Литмир - Электронная Библиотека
Содержание  
A
A

— Может, еще налить?

— Спасибо, хватит.

Мальчики стали разглядывать закопченный потолок хижины, постель бачи на нарах. У очага — колода со всаженным в нее топором. Вымытые медные котлы, подойники и ковши на развилистых еловых сучьях. Горшки, половники — все пропахло дымом.

Под потолком — двустволка. Бача сказал, что она заряжена. А на потолочине — странное дело! — дятел в голубом кафтанчике. Такой же, как тот, который живет на старой сливе в лапинском саду. Дятел посматривал на мальчиков, вертелся, стучал клювом в балку.

— Это наш Удалец, — сказал бача. — Он ручной.

Бача отрезал кусок сыра, положил на ладонь:

— На-ка, драчун!

Дятел слетел с потолочины, сел на ладонь, зачуркал, зациркал прерывисто. Дятел — птица-заика.

— Любит подраться, — рассказывал бача. — Стоит прилететь другому дятлу вон на те клены — сейчас же летит сражаться. Ревнивый. Боится, что и другие тут поселятся.

Мальчики спросили, давно ли дятел живет тут.

— Прилетел весной, — ответил бача. — За ним ястреб гнался, дятел и шасть от него в дверь. Осмотрел, простучал все уголки. Я лежу, будто и внимания не обращаю. Улетел. А потом вернулся. Вот теперь сидит у меня на шее. Иной раз улетает в лес, да всегда возвращается. Храбрец на удивленье, драться для него — первое дело. Вон как его поклевали!

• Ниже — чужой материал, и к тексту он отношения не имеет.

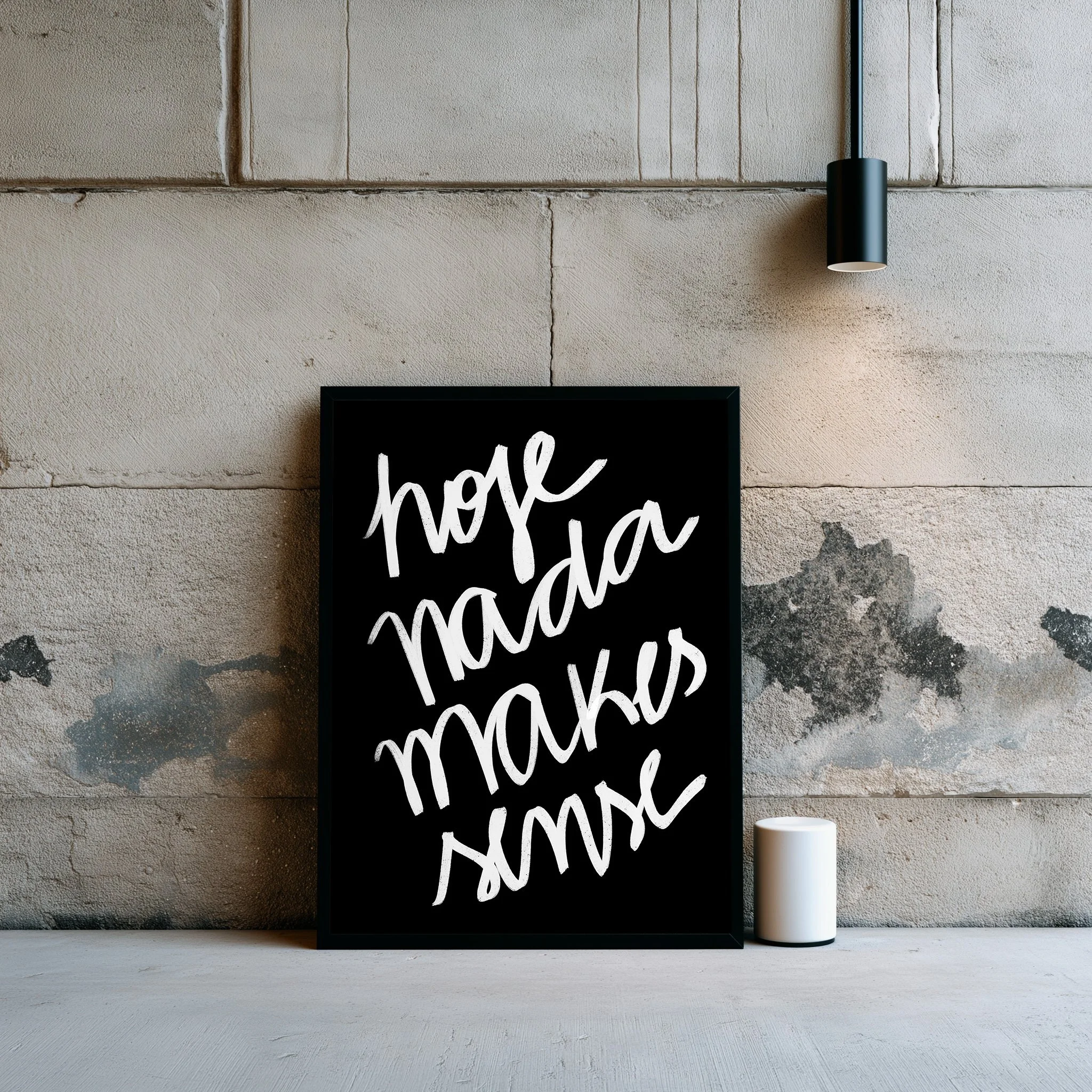 Black and white acrylic painting on white canvas.

Бача растянул крылышко птицы — дятел схватил его клювом за палец, будто сказать хотел: «Не надо, больно мне». На крыле была рана, она уже заживала.

— Возьму я его в деревню, — добавил бача. — Перезимует у меня.

Он взял подойник, собираясь доить.

Мальчикам тоже было пора. Овцы ведь могут разбрестись или с Хвостиком что-нибудь случится… Заторопились.

— Приходите вечером, — позвал их бача, — будет у меня парное молоко. Ничего, пробежитесь, ноги у вас легкие.

— Придем, — обещали мальчики.

Огибая кошару, пошли они к Студеной яме. Под навесом кошары отдыхали пастухи. Маленький загонщик, мальчик не старше Палё Стеранки, ловил в траве кузнечиков. Собаки тоже были у кошары. Завидев Ергуша, они трусливо обогнули загон и убежали к хижине.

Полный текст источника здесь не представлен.